The small Spanish force could not have survived the siege of Cusco or conquered the empire alone. They relied critically on thousands of native auxiliaries from rival ethnic groups, as well as Inca nobles who opposed Emperor Manco, turning the conflict into a multi-sided civil war.

Throughout their violent conquest and feuds, the Spanish were remarkably legalistic. They constantly sought royal charters, had judges pronounce verdicts, handed down indictments, and appealed for pardons. This obsession with legal process coexisted bizarrely with their extralegal violence and betrayal, used to legitimize their actions.

The widely held view of Spanish colonial brutality wasn't just Protestant propaganda. It originated from firsthand accounts by Spanish conquistadors and priests like Bartolomé de las Casas. This internal criticism and moral debate over the treatment of indigenous peoples was present from the conquest's very beginning.

The conflict was defined by three fracture lines: Spanish-Inca, intra-Inca, and intra-Spanish. The vicious rivalry between the Pizarro and Almagro factions created a power vacuum and chaos that both fueled and complicated the Inca uprising, making it the most dangerous factor.

The narrative of a small Spanish force conquering a vast empire is misleading. The Spanish heavily relied on indigenous allies, like the puppet emperor Paolo Inca, who provided thousands of warriors.
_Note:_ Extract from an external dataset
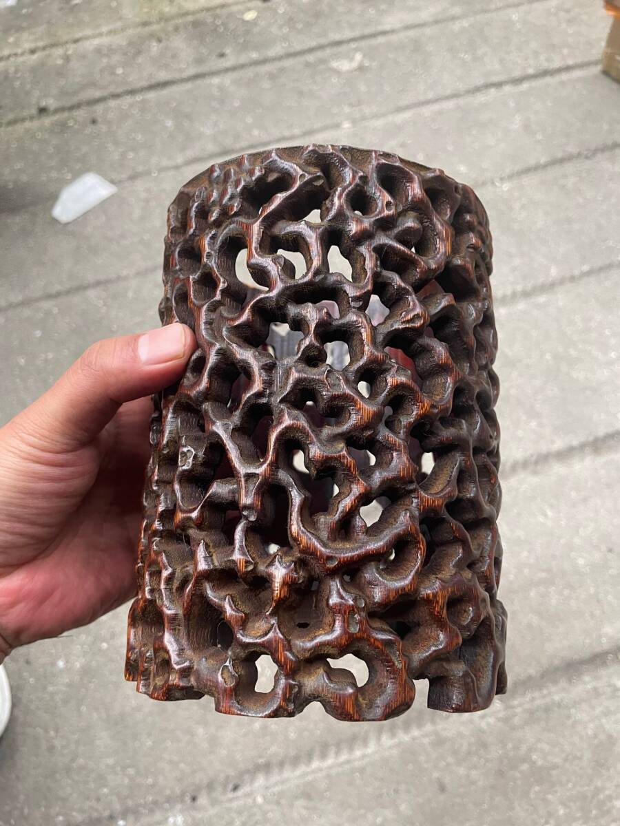 - 蔵友旧蔵出 竹材製 細密彫 鏤空彫 文房筆筒 文房具 供養品 置物擺件 稀少珍藏品 古賞物 中国古玩 中国古美術品

These alliances were decisive in key battles, revealing the conquest was also a native civil war exploited by Europeans.

The Spanish conquest of the Incas succeeded largely because they inserted themselves into an existing civil war. By siding with the southern Inca faction against the northern one, they gained crucial local allies, transforming the conflict from a foreign invasion into a complex, multi-sided war they could manipulate.

Pizarro's ambush wasn't an improvisation but a standard Spanish colonial tactic: "theatrical terror." This strategy used a sudden, overwhelming, and performative display of violence to psychologically shatter a numerically superior enemy, a method honed in previous American conquests.

The Spanish conquest was plagued by intense internal rivalries. The promise of gold in Quito sparked a race between three separate Spanish expeditions, led by Benalcátha, Almagro, and Pedro de Alvarado. This competition nearly erupted into open warfare, showing how the lure of wealth fractured the invading force.

The primary conflict that destroyed leaders like Pizarro and Almagro wasn't the war against the Incas, but their own bloody, multi-generational vendetta over power and control of cities like Cusco. Their greed turned them against each other, leading to their mutual destruction and assassinations.